Nationwide, tipped workers paid the subminimum wage are more than two-thirds women, and disproportionately women of color, who mostly work in casual restaurants and struggle with double the poverty rates of other workers. They also face the highest levels of sexual harassment of any industry because they must tolerate inappropriate behavior to earn their income in tips. Nearly four out of five states have a subminimum wage of $5 an hour or less. It’s why many workers laid off from tip-reliant jobs during the pandemic earned too little to even qualify for unemployment insurance, as labor researchers found in 2020.

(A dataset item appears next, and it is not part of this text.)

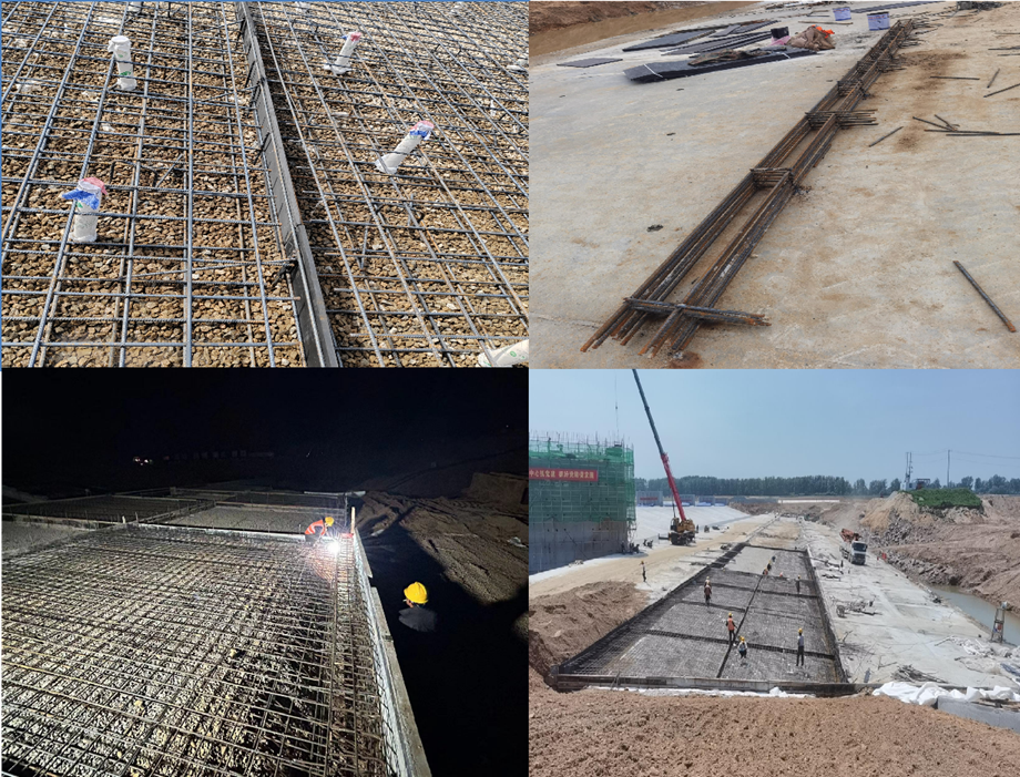 因葉集史河地質為沙地,傳統的降水無法降水,項目創新性地采用消力池降水方案,不僅顯著擴大了降水面積,還成功開啟閘室底板工作面,在降低成本支出的同時大幅縮短了施工周期。在海漫施工中,項目研制新型模板一體化體系,代替原本的7.5m分縫跳倉澆筑方案和傳統模板安裝,做到連續澆筑,由原來的每天澆筑6-8塊提高至每天可澆筑16-32塊。防沖墻的導墻由鋼筋砼優化為裝配式“L”型間距可調節鋼導墻,相比鋼筋砼導墻,鋼結構導墻具有安拆方面、節約成本、不易磕碰、工期短等優點,去除了立模、混凝土澆筑等工序。空箱澆筑分兩層施工,第一層完成后空箱采用機械回填后在澆筑隔板代替預留孔洞人工配合回填,速度更快更安全;格賓石籠網箱高度由0.5m改為1m,無需分2層施工(設計格賓石籠1m),節約工期施工成本10萬元,縮短工期20天左右。通過優化一系列施工方案、工序及新技術,總計節約費用約134萬,節約工期122天。

Beyond the moral case, there’s a business and economic case for raising the floor and paying one fair wage to all. Paying more to those earning poverty-level take-home pay boosts spending at local businesses and significantly improves worker productivity and retention, reducing the costs of constantly hiring and training new workers. There’s also evidence it improves health and mental health for workers and their children.

What’s truly historic about what Portland voters can do this November: overcome our generations-long habit of excluding some workers to help others, effectively pitting one group of vulnerable workers against others when we make labor reforms.

Voters in Portland can show the country what it means to leave no one behind — to bring everyone into a modern, fair economy for all workers — and bring an end to one of slavery’s meanest and most lasting legacies.

Xavier de Souza Briggs is a senior fellow at Brookings Metro and part of its Valuing Black Assets Initiative; he is a board member of One Fair Wage, a nonprofit advocacy group. Saru Jayaraman is the organization’s executive director and the author of the books “Forked” and “One Fair Wage.” She also directs the Food Labor Research Center and teaches at the University of California at Berkeley.